#### What is needed:
Filter the material below so that only lines containing "from" remain.

#### Dataset entries:
╔══

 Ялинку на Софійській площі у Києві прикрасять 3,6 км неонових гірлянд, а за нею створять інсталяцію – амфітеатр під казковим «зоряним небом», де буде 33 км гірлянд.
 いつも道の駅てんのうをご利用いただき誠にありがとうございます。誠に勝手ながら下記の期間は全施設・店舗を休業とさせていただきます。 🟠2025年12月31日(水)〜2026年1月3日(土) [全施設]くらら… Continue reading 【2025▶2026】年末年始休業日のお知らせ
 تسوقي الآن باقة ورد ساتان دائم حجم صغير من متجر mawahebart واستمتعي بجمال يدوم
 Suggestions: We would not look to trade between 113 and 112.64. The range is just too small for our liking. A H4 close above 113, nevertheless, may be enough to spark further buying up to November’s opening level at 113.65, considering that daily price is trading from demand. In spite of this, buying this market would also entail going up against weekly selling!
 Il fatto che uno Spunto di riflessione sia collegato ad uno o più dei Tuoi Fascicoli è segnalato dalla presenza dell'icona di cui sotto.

╚══
╔══

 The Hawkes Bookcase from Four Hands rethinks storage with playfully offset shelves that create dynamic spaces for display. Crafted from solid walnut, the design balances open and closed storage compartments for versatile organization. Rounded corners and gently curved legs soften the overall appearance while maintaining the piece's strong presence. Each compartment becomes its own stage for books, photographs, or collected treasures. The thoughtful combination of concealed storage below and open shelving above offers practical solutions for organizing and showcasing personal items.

╚══

#### Finished exercise:
 Suggestions: We would not look to trade between 113 and 112.64. The range is just too small for our liking. A H4 close above 113, nevertheless, may be enough to spark further buying up to November’s opening level at 113.65, considering that daily price is trading from demand. In spite of this, buying this market would also entail going up against weekly selling!
 The Hawkes Bookcase from Four Hands rethinks storage with playfully offset shelves that create dynamic spaces for display. Crafted from solid walnut, the design balances open and closed storage compartments for versatile organization. Rounded corners and gently curved legs soften the overall appearance while maintaining the piece's strong presence. Each compartment becomes its own stage for books, photographs, or collected treasures. The thoughtful combination of concealed storage below and open shelving above offers practical solutions for organizing and showcasing personal items.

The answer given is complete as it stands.